The article was about a study of a group of people who have taken the “Giving What We Can” pledge, a group decidedly less exclusive than the billionaires who take “The Giving Pledge.” The Giving What We Can pledgers promise to give at least 10% of their income to charity. In the church we call them tithers. These givers are younger, wealthier, more male, better educated, more white, and significantly less religious than the general population and, for sure, than the tithers I had in mind when I saw the headline.
It’s easy to make fun of Mark Zuckerberg being morally expansive as he sails the seven seas on the $300 million birthday present he gave himself. It’s better to tell you about Vi, an extraordinary giver for whom personal sacrifice to help others was second nature.
Vi, Viola, was a widow and a member of the church I served in an old mill town. She lived in the little frame house they had bought when she and her husband were first married, the house where they raised their three children, and where her husband died. It had become the house where she was helping her single-dad son raise his two very active sons. Vi was a regular at our Wednesday morning Bible Study, brought snacks for Vacation Bible School, and volunteered at the women’s group rummage sale fundraiser. And she was a tither. Every month, month in and month out, she gave 10% of her social security check and what was left of her husband’s very modest pension.
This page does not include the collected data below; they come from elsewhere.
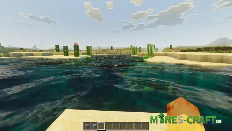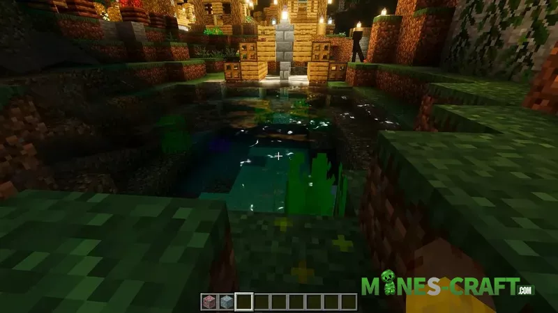 It is worth noting the soft reflections that create a realistic shine on objects such as iron golems, slimes, magma, and mini-cards. Glow effects are now present on some creatures, such as Drowns, Ender Crystals, Allays, and others.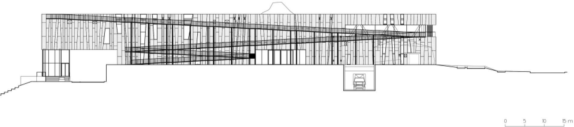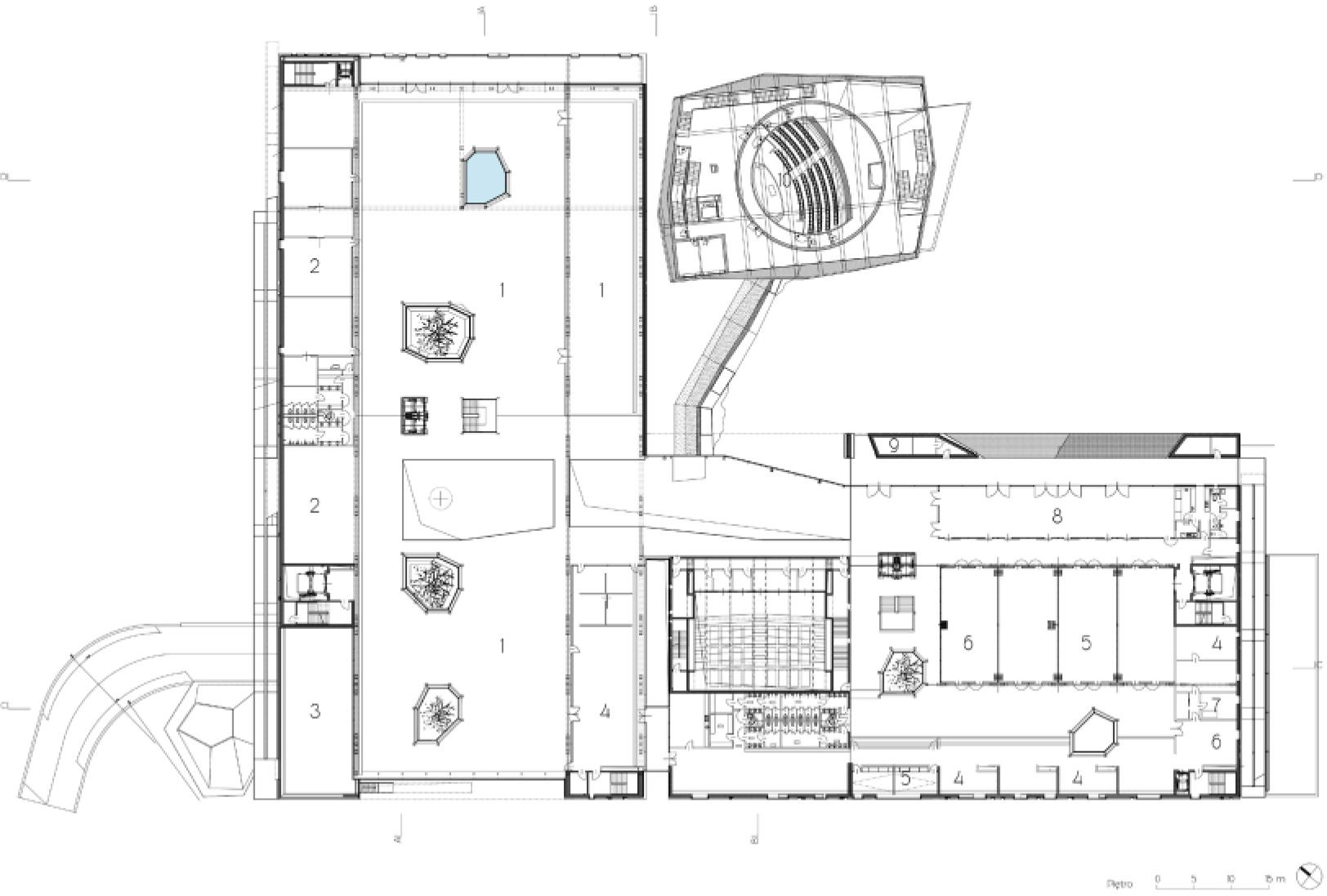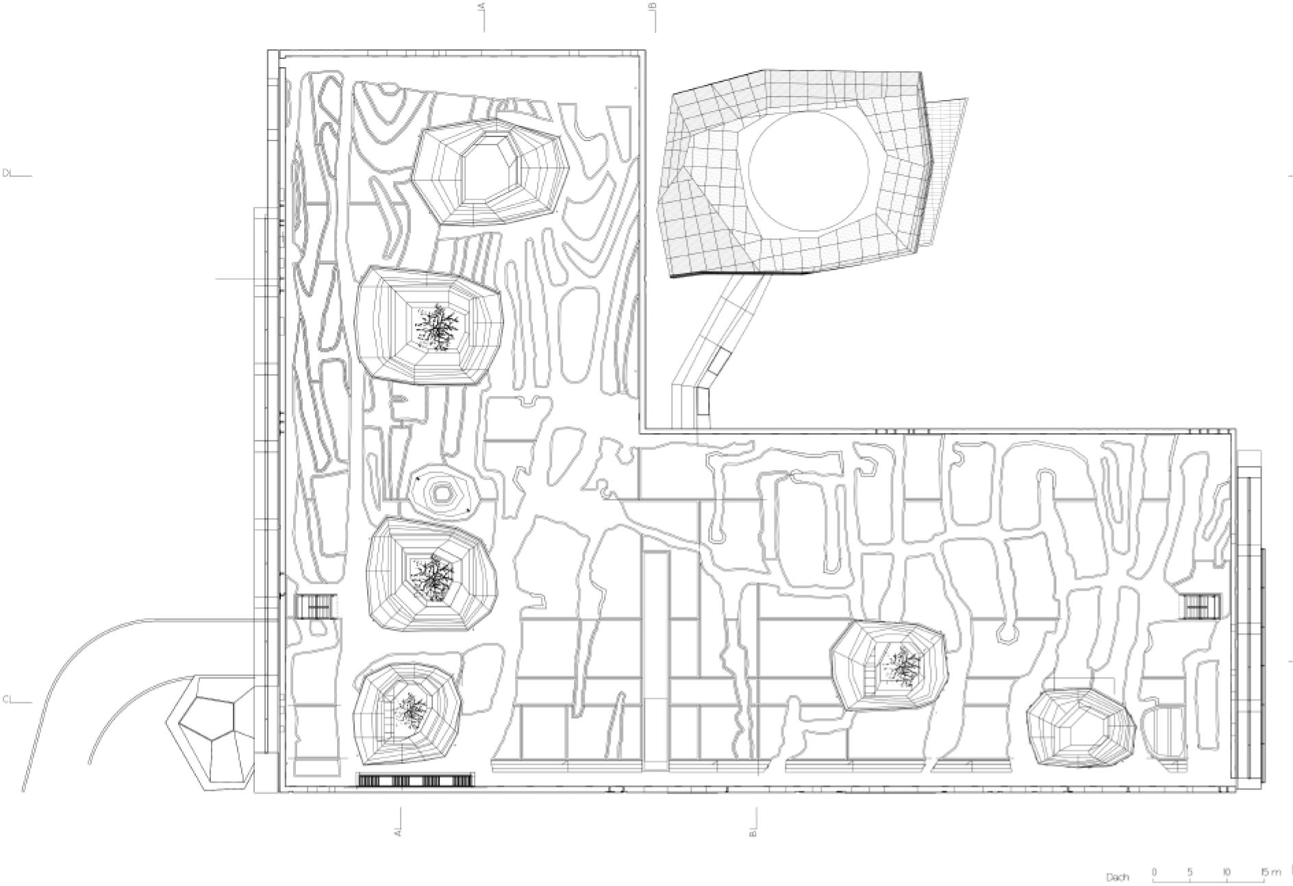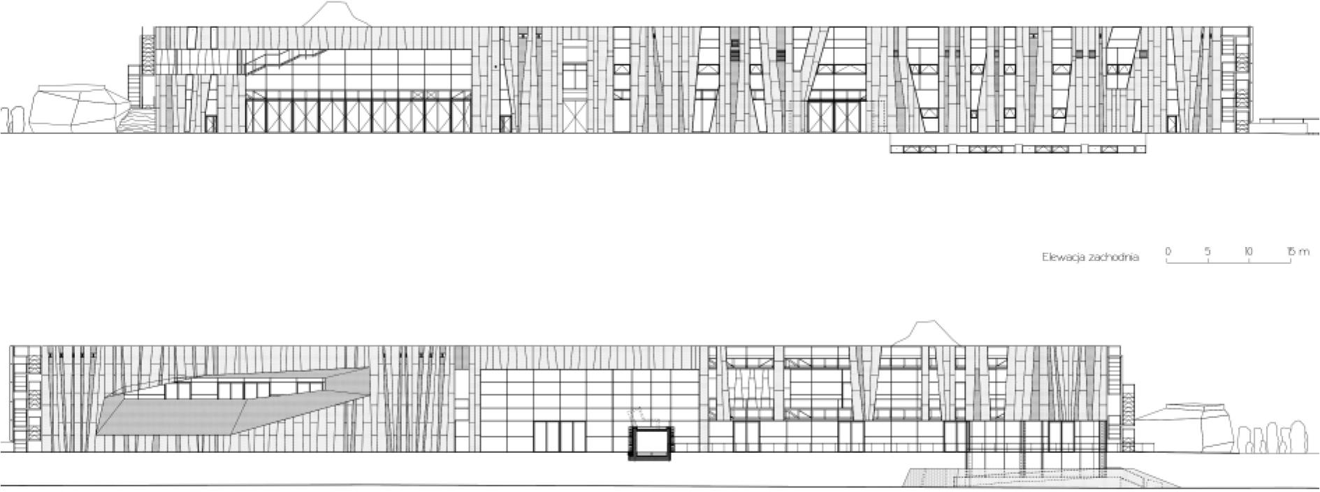 The design submitted for the competition suggested that the planes of individual levels of the building constitute a landscape: the low levels were connected with the river. In terms of architecture the design was poorly developed. At the early stage the drawing was supposed to constitute solely a concept imitating the structure of perforated large mass (mass of the ground). Whereas for Eisenman in his design of the Culture Centre in Santiago de Compostela and in FOA, the design of harbour terminal in Yokohama, the language of architecture consisted of a fold [21] in case of Copernicus Science Centre this was constituted by a projection of archetypical and iconic cave. The common feature for these designs is the play with emptiness, not with matter.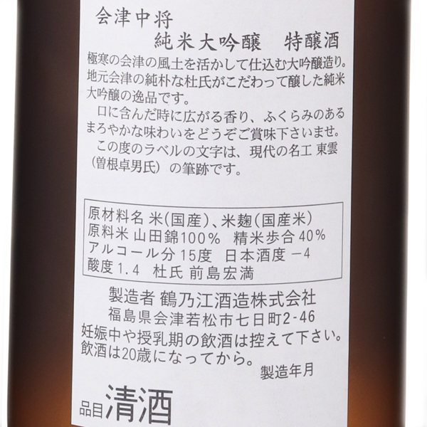 会津中将 純米大吟醸 特醸酒 *クール便のみ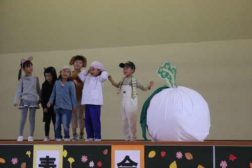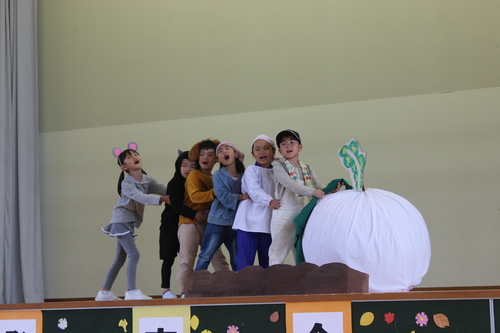 1年生は、初めての学習発表会です。国語で学習した「おおきなかぶ」を劇にして発表しました。
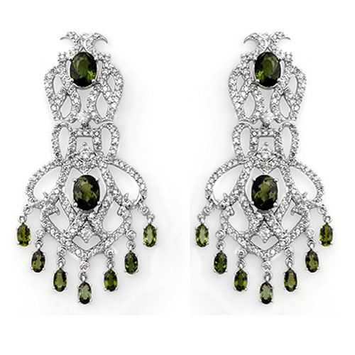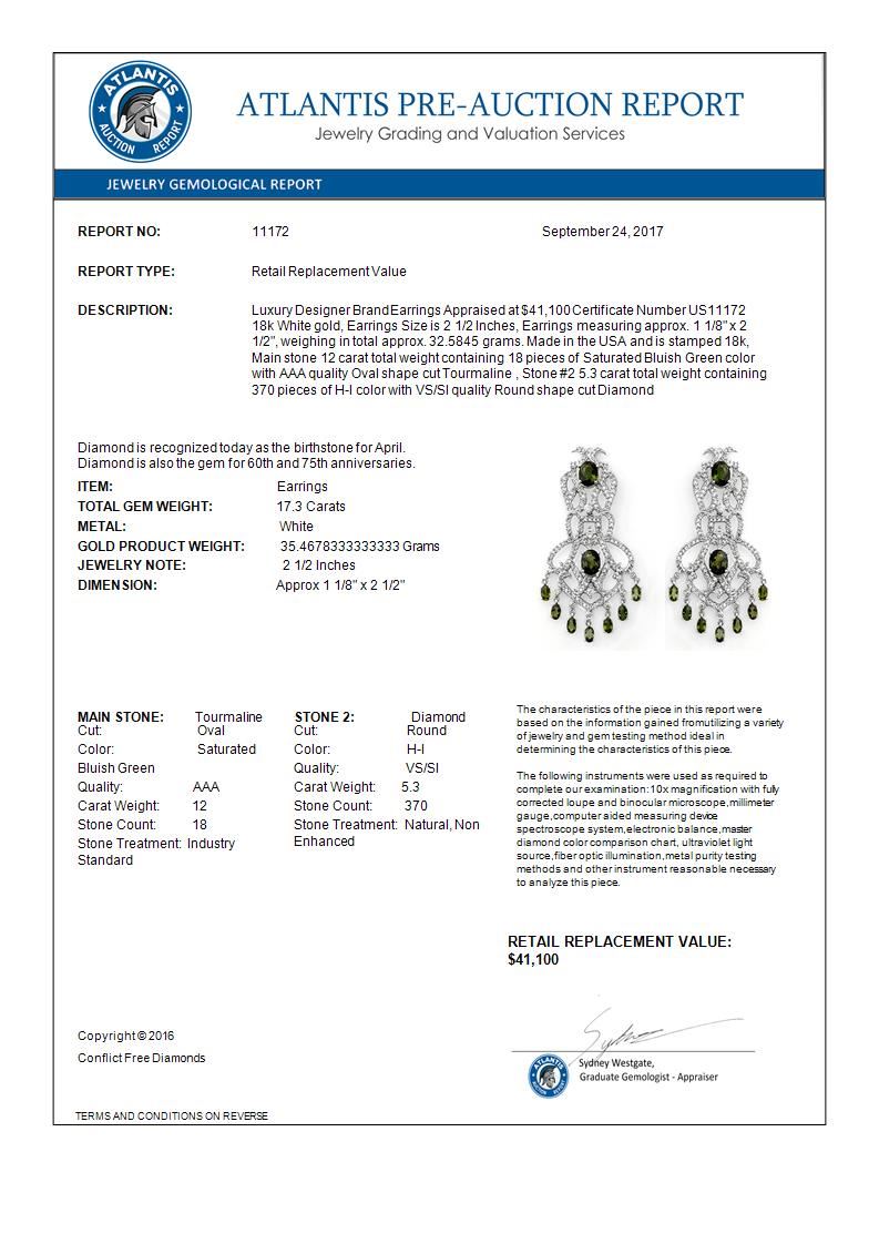 11172 - REF-533M8F ---- 17.30 CTW Green Tourmaline & Diamond Earrings 18K White Gold ---- Luxury Designer Brand Earrings Appraised at $41,100 Certificate Number US11172 18k White gold, Earrings Size is 2 1/2 Inches, Earrings measuring approx. 1 1/8" x 2 1/2", weighing in total approx. 32.5845 grams. Made in the USA and is stamped 18k, Main stone 12 carat total weight containing 18 pieces of Saturated Bluish Green color with AAA quality Oval shape cut Tourmaline , Stone #2 5.3 carat total weight containing 370 pieces of H-I color with VS/SI quality Round shape cut Diamond

I don’t know if I’d call Vi an extraordinary altruist, but I would call her an extraordinary giver – and an ordinary Christian.
I’ve known dozens of ordinary Christians like Vi, women and men who give not because they have more education, more wealth, or more energy than others. They give because they love and have been loved. They know God.
Vi won’t have her picture posted with the billionaires on the Giving Pledge hall of fame page, but I say, “Move aside, Bill Gates and Warren Buffet. Let me introduce you to Vi and a thousand others like her.”